A honey wagon with a tractor
Honey wagon. Image credit: Iowa Agricultural Literacy.

 

The reason I write these blogs is because I firmly believe a lack of candor is a major factor obstructing progress toward our water quality objectives. Very basic topics that deserve honest discussion sometimes are nearly taboo. It’s pretty obvious that this manure thing is the third rail for the industry—touch it if you want to, but be prepared for them to unload a honey wagon onto you if you do.

(curtain falls)

Epilogue

Niels Bohr, his student Werner Heisenberg, Wolfgang Pauli, Erwin Schrodinger, Marie Curie, and a few others, are the fathers/mother of quantum physics. If you’re reading this on the screen of a computer or cell phone, you have them to thank.

Bohr, Heis, and Puli chat in a circle
Niels Bohr (L), Werner Heisenberg (center), Wolfgang Pauli (R). 1934 or 1936. Image credit: American Institute of Physics.

While most would consider Bohr second to Einstein, he did publish what is probably the most disruptive scientific paper of all time when he showed that classical physics could not explain the atom.

In September of 1941, the German Heisenberg visited his mentor in Bohr’s native Copenhagen, which was then occupied by the Nazis. The war was going badly for the Allies and victory for Hitler seemed close at hand. Heisenberg felt that democracy would never rule Europe. In his view the choice was clear: Russia or the Nazis. He was choosing the latter and he was in Copenhagen to convince Bohr to do the same.

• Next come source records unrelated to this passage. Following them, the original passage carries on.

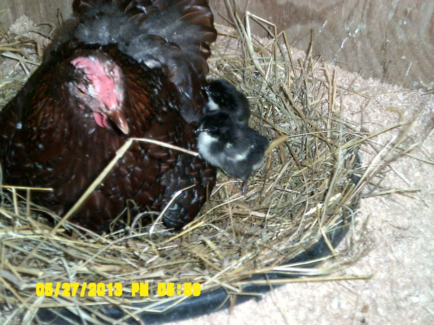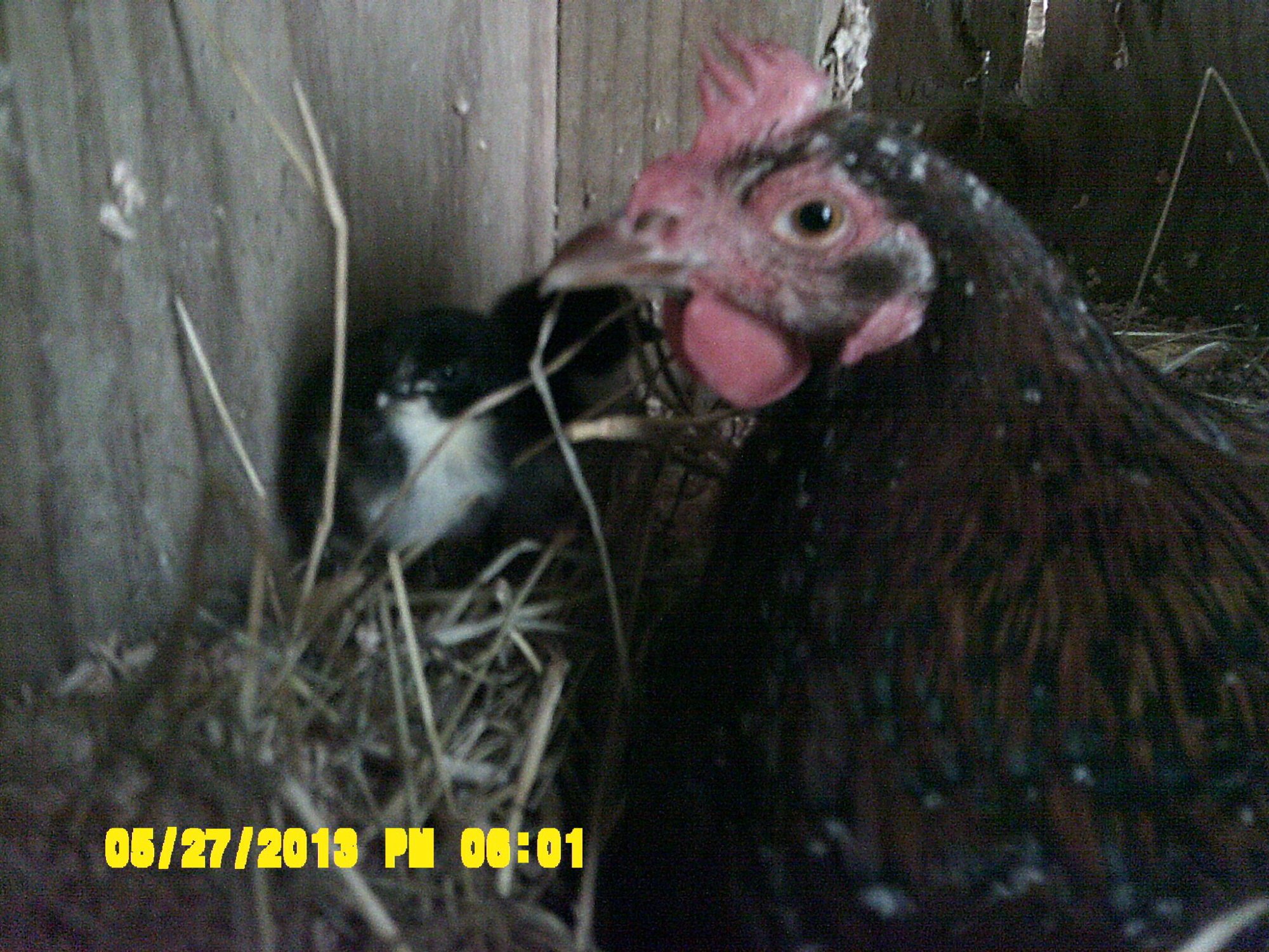 Carmen, the eggs that I let them incubate were (I think) only from the australorp/jersey giant hens and from Candy the EE. The 3rd chick that hatched yesterday has feathered legs! How cool if she turns out to be big and shiny black with fluffy feet! The 2 chicks that didn't make it were marked exactly the same way so I'm excited to see if the last ones turn out to be little clones too.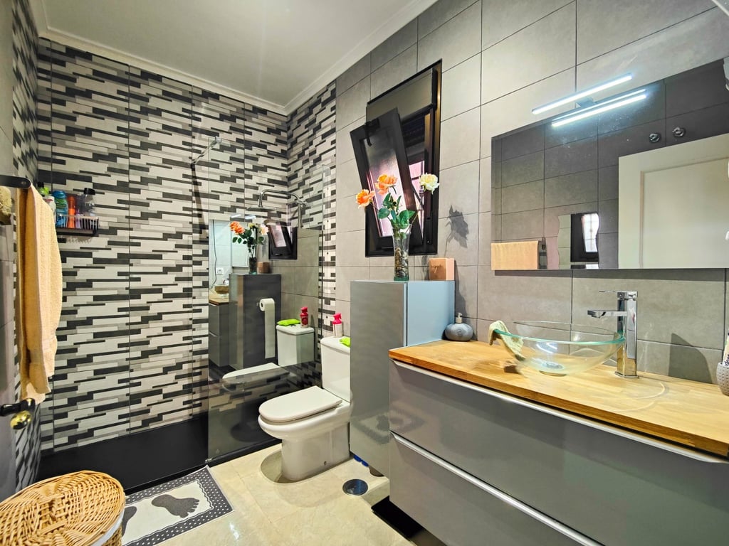 Vrijstaande zuidgerichte villa met privé zwembad te koop in het populaire wooncomplex Villas María III, gelegen in El Raso – Guardamar del Segura.De woning staat op een perceel van 300 m² en heeft een bebouwde oppervlakte van circa 117 m², verdeeld over twee verdiepingen. De villa beschikt over 3 slaapkamers en 3 volledige badkamers, waarvan één recent volledig gerenoveerd. De hoofdslaapkamer, gelegen op de begane grond, heeft een en-suite badkamer voor extra comfort.Op de begane grond bevinden zich een entreehal, ruime woon-/eetkamer, keuken, een complete badkamer en een slaapkamer met en-suite badkamer.Op de bovenverdieping zijn er twee slaapkamers, een complete badkamer en een zuidgericht terras, bereikbaar vanuit de hal.Buiten vindt u een verwarmd privézwembad, buitendouche, overdekte veranda, en een berging aan de achterzijde van de woning. Dankzij de zuidelijke oriëntatie geniet de woning de hele dag van zonlicht. Daarnaast beschikt het complex over een gemeenschappelijk zwembad.De woning biedt parkeergelegenheid op het perceel, evenals een privé genummerde parkeerplaats direct voor de woning.De villa wordt verkocht gemeubileerd en inclusief elektrische apparaten, en is voorzien van airconditioning in alle ruimtes.Gelegen in een urbanisatie met bars, restaurants en supermarkten, en op slechts 10 minuten rijden van de stranden van Guardamar del Segura, is deze woning ideaal als permanente verblijfplaats of als vakantiewoning.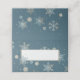 Carte de place mariage pliée à thème Chic Winter en bleu cadet, avec des flocons de neige bleu et or et une plaque en or, sur le devant. L'intérieur de la carte est réalisé dans un style doré. Personnalisez chaque carte à la main, pour votre réception de mariage.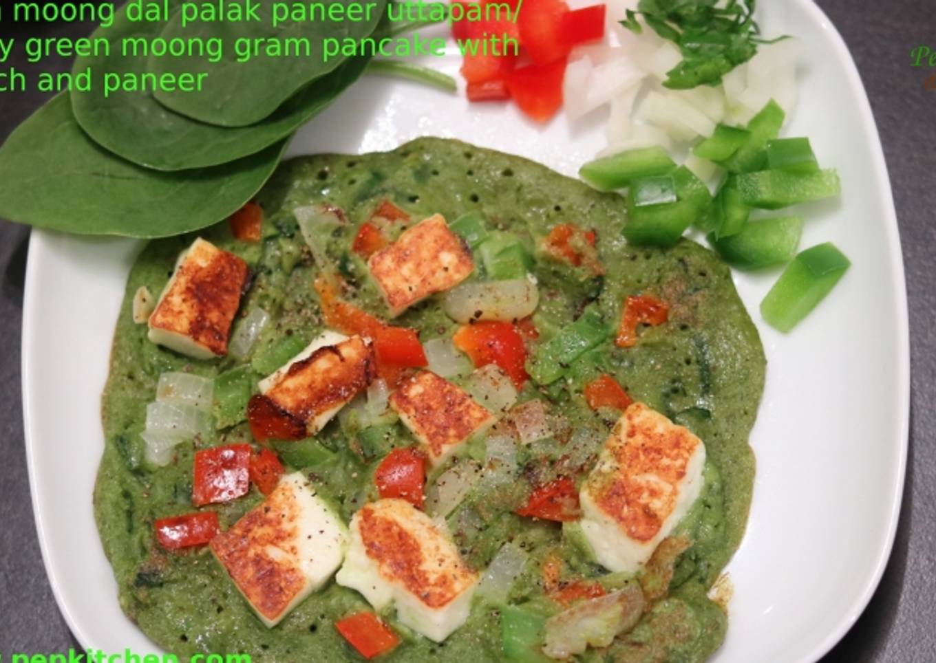 https://pepkitchen.com/recipe/green-moong-dal-palak-paneer-uttapam-savory-moong-pancake-with-spinach-and-paneer/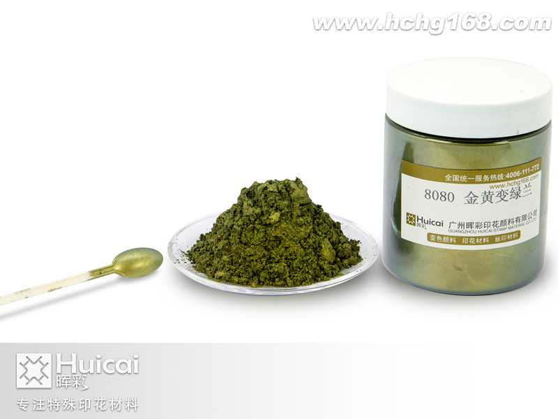 8080金黄变绿兰变色龙粉是经由微胶囊技术处理过的产品,外观为粉状,粒径在1~10μm之间,并具有耐高温、抗氧化等微胶囊所改质的特性。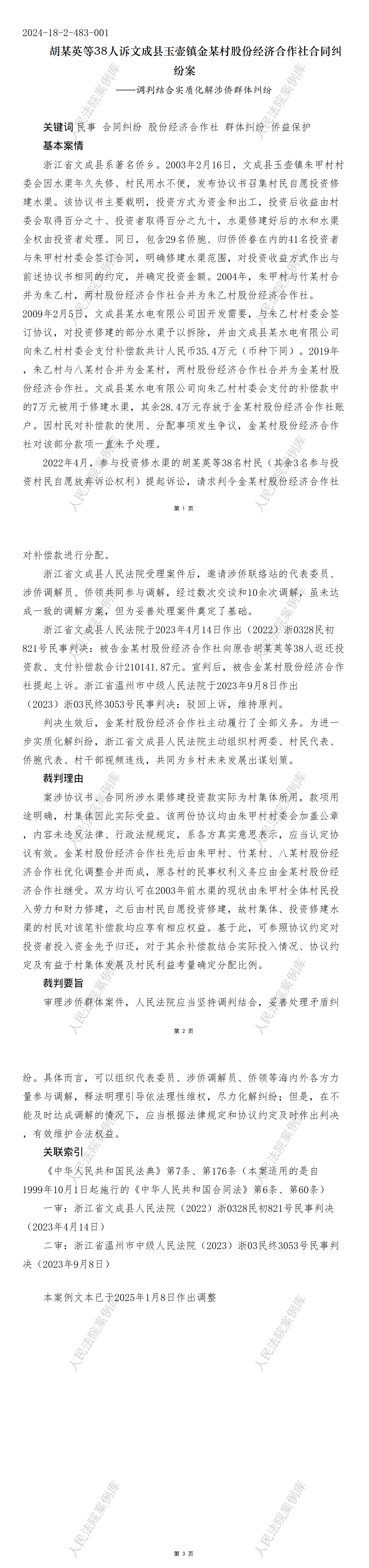 胡某英等38人诉文成县玉壶镇金某村股份经济合作社合同纠纷案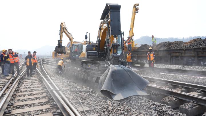 11時(shí)20分,隨著(zhù)施工命令下達,道岔清篩機率先啟動(dòng),巨大的挖掘鏈精準探入道岔關(guān)鍵區域,在現場(chǎng)作業(yè)人員的配合下,將臟污的道砟挖出并輸送至線(xiàn)路一側,再由帶篩網(wǎng)的鉤機將清理出的泥土廢砟清運到軌道車(chē)的平板上。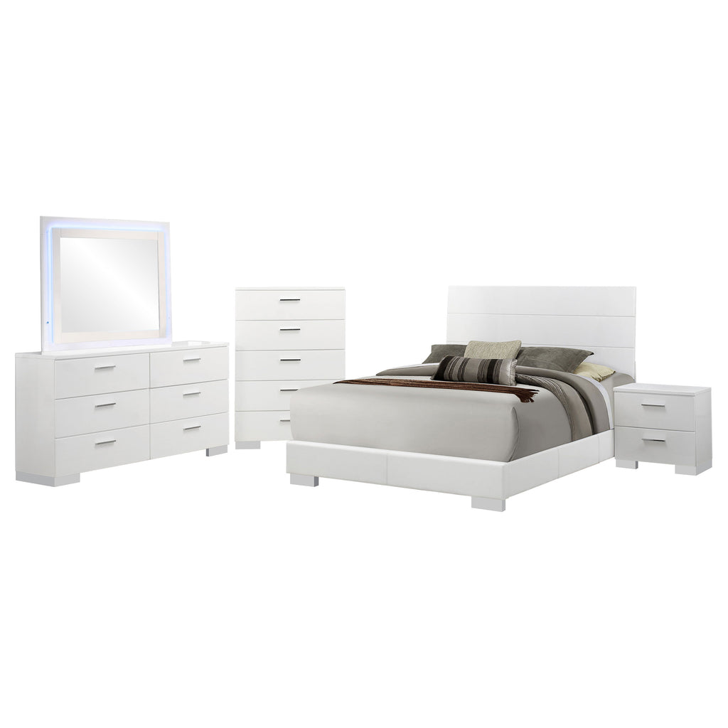 Includes: One (1) California king bed, one (1) nightstand, one (1) dresser, and one (1) dresser mirror

Heisenberg and his father standing together
Werner Heisenberg as a boy with his father. Image credit: Emile Segre.

 

Historians have written much about this meeting, and it was even made into the well-received play Copenhagen (whether it was a three act tragedy or not, I don’t know). Ultimately Heisenberg returned to Germany and led Hitler’s nuclear program, while Bohr escaped to Sweden and later the U.S. where he helped with the Manhattan Project.

  1. Jones, C.S., Seeman, A., Kyveryga, P.M., Schilling, K.E., Kiel, A., Chan, K.S. and Wolter, C.F., 2016. Crop rotation and Raccoon River nitrate. Journal of Soil and Water Conservation71(3), pp.206-219.